### DATA SHOWN
○ ○ ○ ○ ○ ○ ○

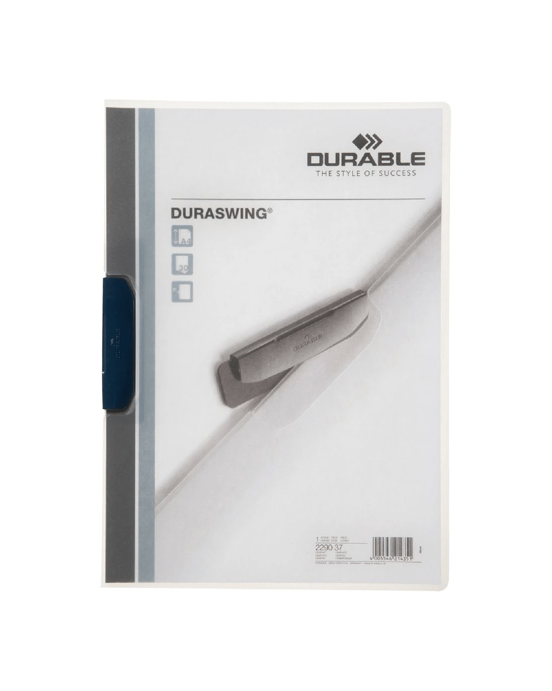 This Durable Duraswing File allows you to present your documents professionally and keep them protected when you're on the go. The file uses a pivoting plastic clip system to secure the papers inside so you don't have to worry about punching holes in your pages.
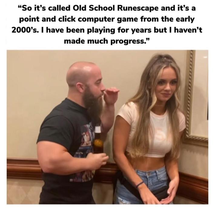 Many will recognize the original Bro Explaining meme, which pairs captions with a photograph of a man in an Astros t-shirt speaking to a visibly bored blonde woman in a sports arena, his hand grasping the back of her neck.
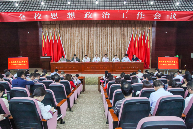 6月12日下午我校召开全校思想政治工作会议。全体校领导,各党总支书记、副书记;各部门主要负责人;全体思政课教师;团总支书记、全体辅导员;教务处以及党群部门人员共计150余人参加了会议,会议由党委副书记、校长李皖主持。

○ ○ ○ ○ ○ ○ ○

### WORK ITEM
Nothing but the pictures is to be left out; repeat the data exactly.

### SOLUTION TO THIS PROBLEM
 This Durable Duraswing File allows you to present your documents professionally and keep them protected when you're on the go. The file uses a pivoting plastic clip system to secure the papers inside so you don't have to worry about punching holes in your pages.
 Many will recognize the original Bro Explaining meme, which pairs captions with a photograph of a man in an Astros t-shirt speaking to a visibly bored blonde woman in a sports arena, his hand grasping the back of her neck.
 6月12日下午我校召开全校思想政治工作会议。全体校领导,各党总支书记、副书记;各部门主要负责人;全体思政课教师;团总支书记、全体辅导员;教务处以及党群部门人员共计150余人参加了会议,会议由党委副书记、校长李皖主持。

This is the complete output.